The mean of men graduates to total graduates per major is .56. This means that for a major, men on average make up 56% of it. One major in particular (max) is comprised of 92% men, with another having only 3.2% of men (min).
 
The mean of women graduates to total graduates per major is .43. This means that for a major, women on average make up 43% of it.

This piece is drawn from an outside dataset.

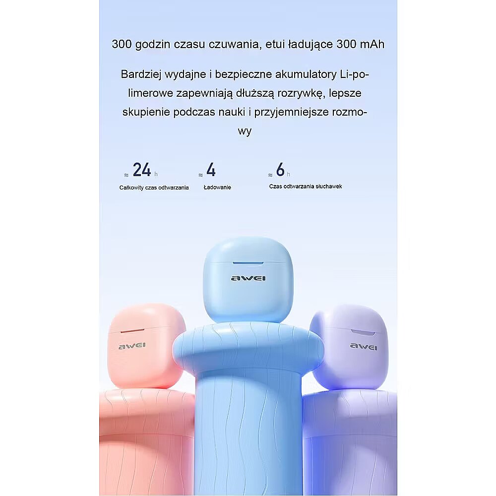 Description - AWEI TWS Charging Base Headset with ENC and Bluetooth 5.3 Supports professional tuning and highly elastic composite diaphragms to create a natural stereo field, enhance the stability of sound quality, and reduce acoustic resonance and THD (total harmonic distortion) to improve sound clarity. It has Bluetooth 5.3, which enhances resistance to electromagnetic interference, no jams or disconnections, fast transmission and low power consumption for audio playback.

One major in particular (max) is comprised of 97% women, with another having only 7.7% of women (min).

Now I will plot this information with Matplotlib and then Seaborn:

In [69]:
#create a new space for the graph
fig=plt.figure(8)
# assign the first subplot in the figure
plt.subplot(221)
#plot a histogram of 'ShareMen' values in the first subplot 
plt.hist(stem['ShareMen'])
# assign the second subplot in the figure
plt.subplot(222)
#plot a boxplot of 'ShareMen' values in the second subplot 
plt.boxplot(stem['ShareMen'])
# assign the third subplot in the figure
plt.subplot(223)
#plot a histogram of 'ShareWomen' values in the third subplot 
plt.hist(stem['ShareWomen'])
# assign the second subplot in the figure
plt.subplot(224)
#plot a boxplot of 'ShareWomen' values in the fourth subplot 
plt.boxplot(stem['ShareWomen'])

<IPython.core.display.Javascript object>

{'whiskers': [<matplotlib.lines.Line2D at 0x11b2344c0>,
  <matplotlib.lines.Line2D at 0x11b234820>],
 'caps': [<matplotlib.lines.Line2D at 0x11b234b80>,
  <matplotlib.lines.Line2D at 0x11b234ee0>],
 'boxes': [<matplotlib.lines.Line2D at 0x11b234160>],
 'medians': [<matplotlib.lines.Line2D at 0x11b23e280>],
 'fliers': [<matplotlib.lines.Line2D at 0x11b23e580>],
 'means': []}

In [70]:
#create space for graph
fig=plt.figure(9)
#designate subplot
plt.subplot(221)
#plot sns graph for 'ShareMen'
sns.distplot(stem['ShareMen'])
#designate subplot
plt.subplot(222)
#plot sns graph for 'ShareWomen'
sns.distplot(stem['ShareWomen'])
#designate subplot
plt.subplot(223)
#plot sns boxplot for 'ShareMen'
sns.boxplot(stem['ShareMen'])
#designate boxplot
plt.subplot(224)
#plot sns boxplot for 'ShareWomen'
sns.boxplot(stem['ShareWomen'])

<IPython.core.display.Javascript object>

<matplotlib.axes._subplots.AxesSubplot at 0x11b2b9460>

In the men's histogram we see the information as skewed a little to the left. The proportions near .8 and .4 contain more majors than the other proportions. In the men's boxplot, we see 50% of majors lay between .4 and .8 (50% of the data fall between quartile 1 and quartile 3). 
For the boxplot,both men's and women's, there will be no outliers, since all proportions must fall within 1 (100%).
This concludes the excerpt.